With the pictures left out, restate exactly the part below that opens with the line containing "지난 2일 오전 이 UCC를" and closes with the line containing "Os técnicos da".

##### Provided data #####

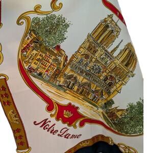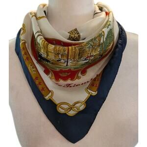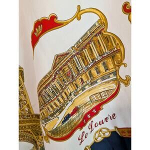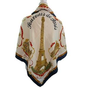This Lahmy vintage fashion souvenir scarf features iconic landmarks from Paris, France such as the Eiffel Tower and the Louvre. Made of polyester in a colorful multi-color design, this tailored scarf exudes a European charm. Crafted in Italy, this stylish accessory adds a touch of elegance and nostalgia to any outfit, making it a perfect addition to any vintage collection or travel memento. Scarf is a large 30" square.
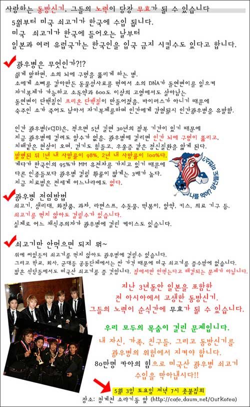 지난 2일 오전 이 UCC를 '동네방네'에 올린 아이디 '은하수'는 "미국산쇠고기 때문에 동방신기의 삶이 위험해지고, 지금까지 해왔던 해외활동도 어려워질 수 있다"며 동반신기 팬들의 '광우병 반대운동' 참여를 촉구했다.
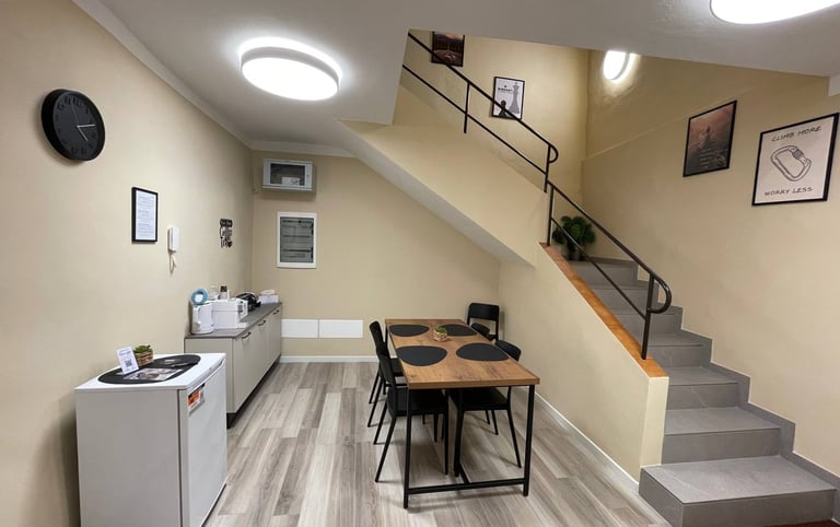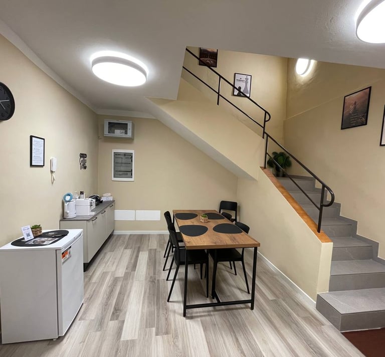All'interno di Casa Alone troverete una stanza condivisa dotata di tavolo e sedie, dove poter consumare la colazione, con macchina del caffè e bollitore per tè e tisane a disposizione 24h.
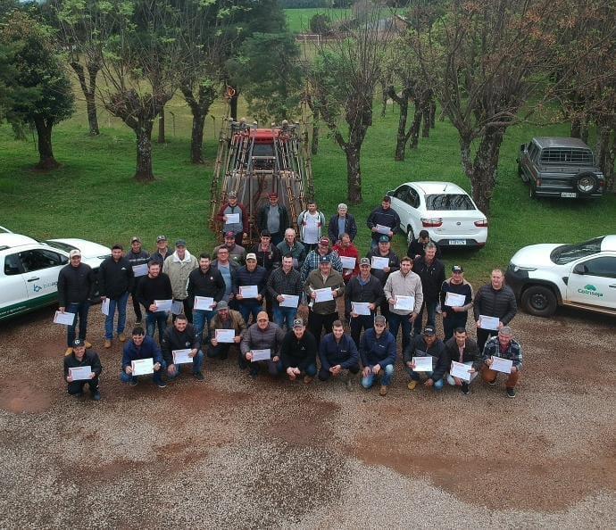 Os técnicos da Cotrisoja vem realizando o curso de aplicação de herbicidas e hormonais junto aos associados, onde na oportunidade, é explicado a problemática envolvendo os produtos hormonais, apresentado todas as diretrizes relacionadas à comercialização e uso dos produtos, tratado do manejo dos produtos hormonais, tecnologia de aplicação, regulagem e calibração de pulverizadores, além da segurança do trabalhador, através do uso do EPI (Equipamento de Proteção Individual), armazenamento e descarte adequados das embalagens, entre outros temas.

#####
##### Provided data #####

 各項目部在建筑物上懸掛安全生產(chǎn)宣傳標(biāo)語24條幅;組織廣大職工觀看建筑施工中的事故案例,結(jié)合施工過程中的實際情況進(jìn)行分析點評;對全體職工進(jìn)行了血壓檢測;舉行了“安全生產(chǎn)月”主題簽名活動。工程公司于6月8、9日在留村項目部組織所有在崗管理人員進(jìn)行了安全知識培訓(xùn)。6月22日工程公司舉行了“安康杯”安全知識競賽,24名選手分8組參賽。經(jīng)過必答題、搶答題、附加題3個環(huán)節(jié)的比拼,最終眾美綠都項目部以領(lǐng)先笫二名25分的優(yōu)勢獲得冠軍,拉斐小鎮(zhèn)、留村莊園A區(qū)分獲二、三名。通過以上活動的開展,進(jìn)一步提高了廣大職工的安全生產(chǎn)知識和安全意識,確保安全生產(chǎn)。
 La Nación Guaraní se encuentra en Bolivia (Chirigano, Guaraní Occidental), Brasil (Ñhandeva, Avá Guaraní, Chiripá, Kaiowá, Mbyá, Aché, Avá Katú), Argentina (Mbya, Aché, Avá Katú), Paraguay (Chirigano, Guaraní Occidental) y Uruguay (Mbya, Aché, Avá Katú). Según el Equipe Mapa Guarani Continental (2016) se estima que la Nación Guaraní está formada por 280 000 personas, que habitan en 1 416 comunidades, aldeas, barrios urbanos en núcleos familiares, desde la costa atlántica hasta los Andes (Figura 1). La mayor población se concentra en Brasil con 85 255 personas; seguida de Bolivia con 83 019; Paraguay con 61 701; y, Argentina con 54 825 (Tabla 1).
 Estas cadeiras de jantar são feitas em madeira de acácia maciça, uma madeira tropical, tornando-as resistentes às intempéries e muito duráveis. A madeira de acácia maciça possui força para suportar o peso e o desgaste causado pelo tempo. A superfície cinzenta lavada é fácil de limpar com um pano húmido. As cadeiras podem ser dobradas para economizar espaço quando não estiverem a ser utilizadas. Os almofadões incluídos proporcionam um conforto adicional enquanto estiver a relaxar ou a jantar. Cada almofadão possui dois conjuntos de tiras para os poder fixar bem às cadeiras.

#####

_Result_
 지난 2일 오전 이 UCC를 '동네방네'에 올린 아이디 '은하수'는 "미국산쇠고기 때문에 동방신기의 삶이 위험해지고, 지금까지 해왔던 해외활동도 어려워질 수 있다"며 동반신기 팬들의 '광우병 반대운동' 참여를 촉구했다.
All'interno di Casa Alone troverete una stanza condivisa dotata di tavolo e sedie, dove poter consumare la colazione, con macchina del caffè e bollitore per tè e tisane a disposizione 24h.
 Os técnicos da Cotrisoja vem realizando o curso de aplicação de herbicidas e hormonais junto aos associados, onde na oportunidade, é explicado a problemática envolvendo os produtos hormonais, apresentado todas as diretrizes relacionadas à comercialização e uso dos produtos, tratado do manejo dos produtos hormonais, tecnologia de aplicação, regulagem e calibração de pulverizadores, além da segurança do trabalhador, através do uso do EPI (Equipamento de Proteção Individual), armazenamento e descarte adequados das embalagens, entre outros temas.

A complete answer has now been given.